D-NeRF uses a ray-bending MLP without regularization to simulate single or multiple synthetic object deformations segmented from the background, viewed through a virtual camera. It assumes that given a predefined set of multi-view images, only one single view is selected for supervision during training. Therefore, D-NeRF can be regarded as an intermediate step between multi-view supervised techniques and true monocular supervised methods.

Several works have demonstrated real scene results observed by moving monocular cameras. The core application of Deformable NeRF is the construction of Nerfies, the free-viewpoint selfies. Deformable NeRF modulates deformation and appearance with automatically decoded latent codes for each input view. Bending rays are regularized with an as rigid-as-possible term (also known as an elastic energy term), penalizing deviations from piecewise rigid scene configurations.
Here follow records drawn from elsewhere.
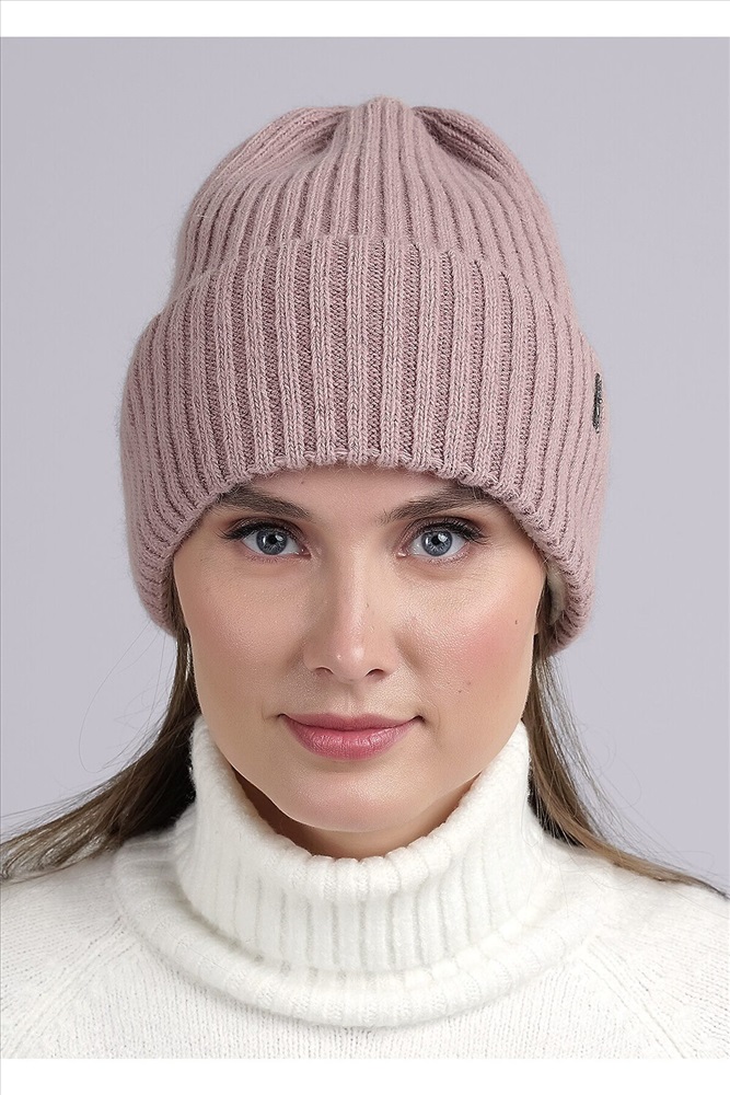 Шапка женская с отворотом, выполнена ластичным переплетением, декорирована нашивкой логотип. Утепление по всей голове флисом. Идеально подойдёт для холодной зимы.
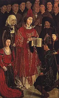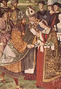 Eneias Sílvio Piccolomini (o futuro Papa Pio II) celebrando o casamento de Frederico III, Imperador do Sacro Império, com a infanta portuguesa D. Leonor (fresco de Pinturicchio).
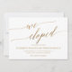 Estes elegantes cartões de anúncio de elopemento de caligrafia dourada têm um design bonito e simples. A design neutra apresenta uma carta minimalista decorada com a tipografia falsa de ouro romântica e caprichosa. O cartão diz "Nós Eloped". Personalize a placa com os detalhes do seu casamento e use a seção modelo na parte traseira para obter informações de recepção, para anunciar uma mudança de endereço ou para quaisquer outros detalhes que você gostaria de compartilhar. Nota: Este design não apresenta folha de ouro real. É um gráfico de alta qualidade feito para se parecer com folhas de ouro.
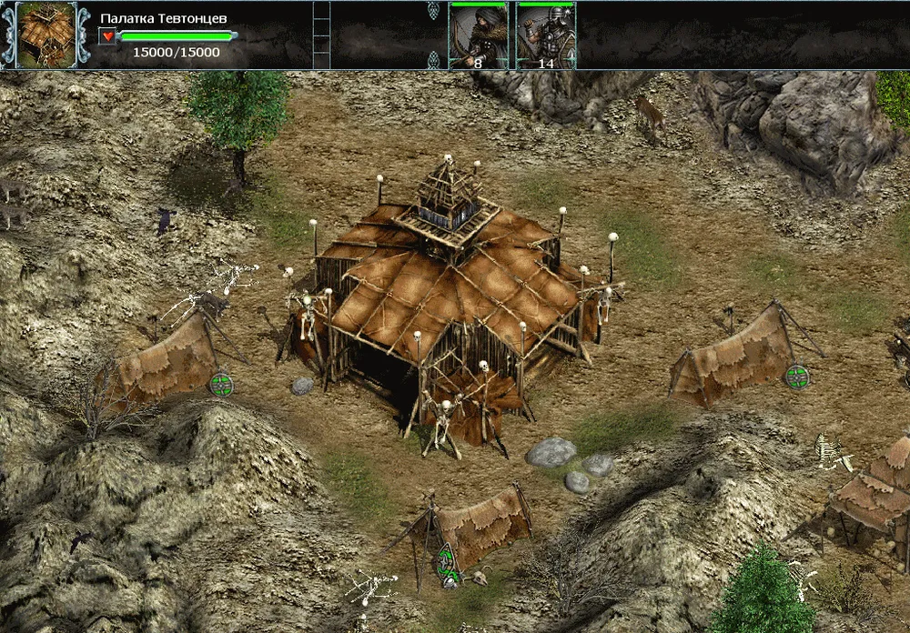 Есть в игре и нейтральные воины. Это Тевтонцы, их палатки разбросаны по всей игровой карте. Если подойти близко к их владениям, то они сразу же нападают, не терпят никого. Обычно в палатке у Тевтонцев сидят двадцать воинов, если одержать над ними победу, то они переходят на вашу сторону, причем в дальнейшем, при гибели уже вашего Тевтонца, он возрождается в своей палатке вновь, и так до бесконечности :)
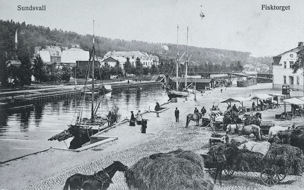 Från vänster Norrmalm, Selångersån och till höger torghandel på Fisktorget. I Selångersån ligger båtar och segelfartyg. Vykort. J. Sunessons Bokhandel förlag.
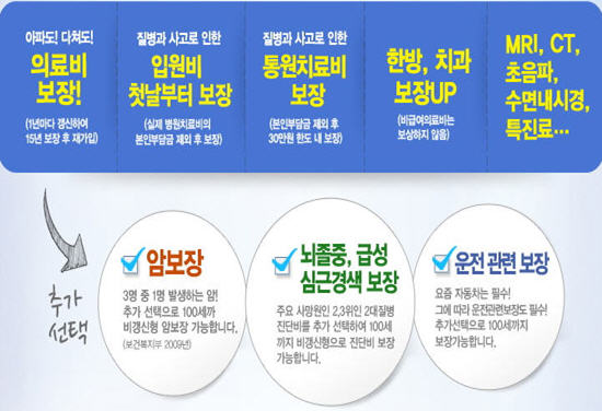 ¡Ø ÀÇ·á½Çºñº¸Çè °¡ÀԽà ÇÊ¿äÇÑ ºÎºÐÀ» ¼±ÅÃÇÏ½Ã¸é ¸ÂÃã¼³°è °¡´ÉÇØ¿ä -> ÇϳªÀÇ º¸ÇèÀ¸·Î Áúº´, »ç°í, ¿îÀüÀÚ±îÁö Ư¾à°¡ÀԽà Çѹø¿¡ º¸Àå!!! -> Çѹ溴¿ø, Ä¡°úÄ¡·á, Ç×¹®°ü·ÃÁúȯºÎºÐ º¸Àå(±¹¹Î°Ç°º¸Çè ±Þ¿©ºÎ¹® Çѵµ) -> Áúº´°ú »óÇØ Ä¡·á¸¦ À§ÇÑ °Ë»çºñ(MRI,CT,X-RAY,³»½Ã°æ,ÃÊÀ½ÆÄµî) -> ¾Ï, ³úÁ¹Áß, ±Þ¼º½É±Ù°æ»öÁø´Üºñ º¸Àå -> ¿îÀüÀÚ Æ¯¾à °È µû·Î ¿îÀüÀÚ¸¦ °¡ÀÔÇÒ Çʿ䰡 ¾ø´Â ¿îÀüÀÚ Æ¯¾àµéÀ» ¼±Åà °¡´É (¹ú±Ý, ¹æ¾îºñ¿ë, ±³Åë»ç°íó¸®Áö¿ø±Ý´ãº¸)
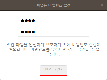 둘이 동일하고 간단한 자주 쓰는 암호를 입력하고, '백업 시작' 버튼을 클릭합시다.
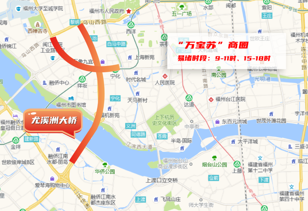 进城方向4月6日17-21时较为拥堵,进城方向拥堵时,可从福州西下高速经建平路-橘园洲大桥-金山大道-金山大桥绕行进城。
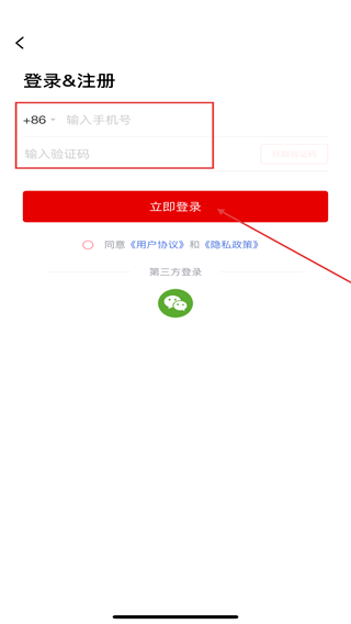 3、输入手机号、验证码,再点击立即登录的按钮即可完成登录。
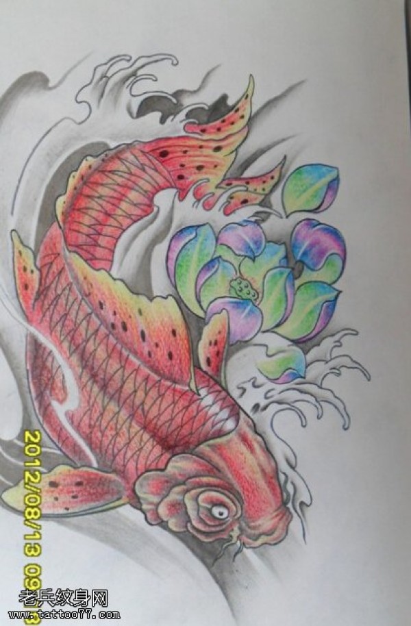 彩色鲤鱼莲花文身作品由纹身图吧分享
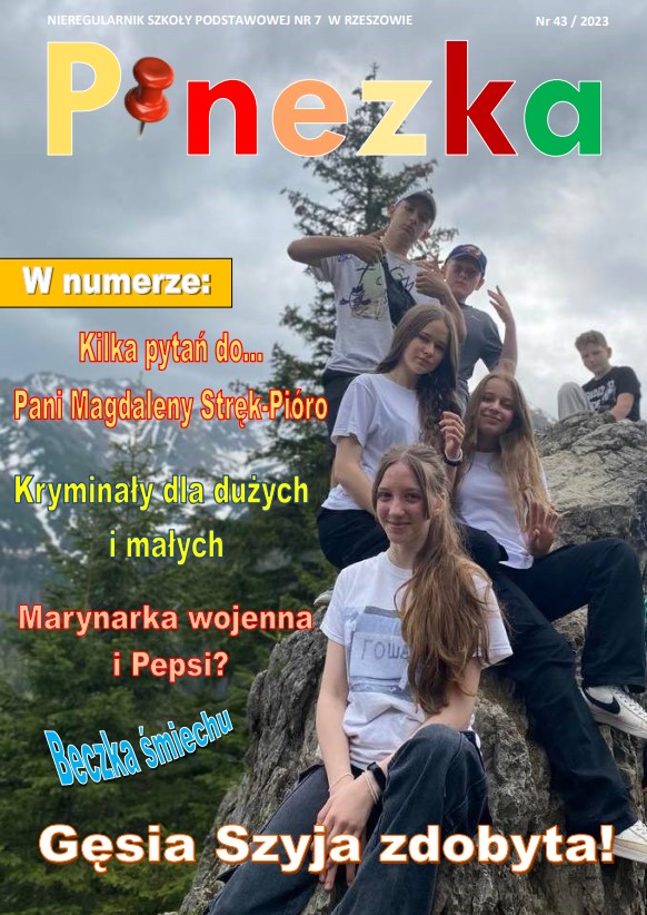 6 czerwca ukazał się kolejny numer gazetki szkolnej “Pinezka”, tworzony przez uczniów klas 6-8 szkoły podstawowej. Znaleźć w nim można m.in.: obszerny wywiad z pedagogiem, p. Magdaleną Stręk-Pióro, relacje z wycieczek i innych wydarzeń szkolnych, recenzje książek i filmów, artykuły poświęcone literaturze detektywistycznej, Eurowizji oraz historii, a także sporą dawkę humoru.
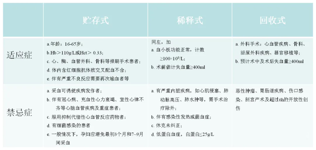 自体输血是采集自身血液或者血液成分,或者回收自身无污染的血液,回输给自身的一种输血疗法。自体输血分为三类,储存式、稀释式(急性等容性稀释式,急性非等容性稀释式,急性高容性稀释式)、回收式(术中回收式、术后回收式)。

As a result, Deformable NeRF works well in articulated scenes (e.g., a hand holding a tennis racket) and scenes involving human heads (where the head moves relative to the torso). Nevertheless, small non-rigid deformations are handled well (like smiles) because the regularizer is soft. Another important innovation of this work is the from-coarse-to-fine scheme, which allows low-frequency components to be learned first and avoids local minima due to overfitting to high-frequency details.

HyperNeRF is an extension of Deformable NeRF, using a canonical hyperspace instead of a single canonical framework. This allows handling scenes with topological changes, such as opening and closing the mouth. In HyperNeRF, Deformable NeRF's bending network (MLP) is augmented by a surrounding slice surface network (also MLP), which indirectly adjusts the deformable canonical scene, choosing a canonical subspace for each input RGB view. Therefore, it is a hybrid model combining explicit and implicit deformation modeling, allowing to sacrifice hard correspondences to handle topological changes.
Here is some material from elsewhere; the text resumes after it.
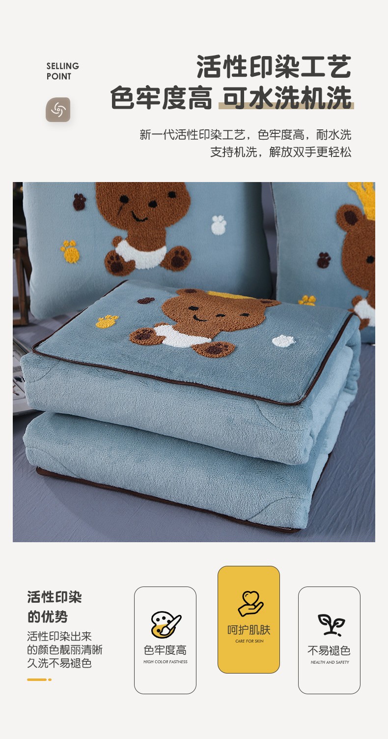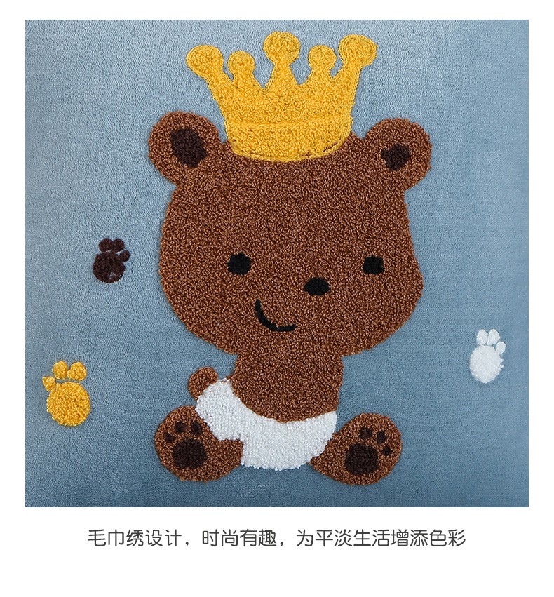 伊可爱抱枕被 2023新款牛奶绒绣花抱枕被 熊宝宝-湖兰
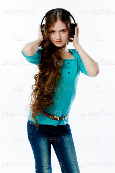 Красивая девочка слушает музыку в наушниках

Non-rigid NeRF (NR NeRF) models time-varying scene appearances using scene canonical volumes, scene rigidity markers (MLP) and frame ray bending operators (MLP). NR NeRF shows that no additional supervisory cues such as depth maps or scene flow are required to process scenes with small non-rigid deformations and motions. Furthermore, the observed deformations are regularized by a divergence operator imposing volume-preserving constraints that stabilize occluded regions relative to supervised monocular input views. In this respect, it has similar properties to Nerfies' elastic regularizers, which penalize deviations from piecewise rigid deformations. This regularization makes the camera trajectory of the new view significantly different from the input camera trajectory. While controllability is still severely limited, NR-NeRF demonstrates several simple edits to the learned deformation field, such as motion amplification or dynamic scene content removal.

Other methods are not limited to the case of monocular RGB input video, but consider the presence of other inputs.

The Time-of-Flight Radiance Fields (TöRF) method replaces data-driven prior knowledge to reconstruct dynamic content with depth maps from depth sensors. Unlike the vast majority of computer vision work, TöRF uses raw ToF sensor measurements (so-called phasors), which bring advantages when dealing with weakly reflective regions and other limitations of modern depth sensors (e.g., limited operating depth range). In NeRF learning, integrating measured scene depth reduces the requirement on the number of input views, resulting in sharp and detailed models. Depth cues provide higher accuracy than NSFF and spatiotemporal neural radiance fields.

Neural 3D Video Synthesis sets up and implicitly models deformations with multi-view RGB. The method first trains on keyframes, exploiting temporal smoothness. It also sets the camera to remain static, the scene content is mostly static, and samples light in a biased way for training. Even for smaller dynamic content, the results are crisp.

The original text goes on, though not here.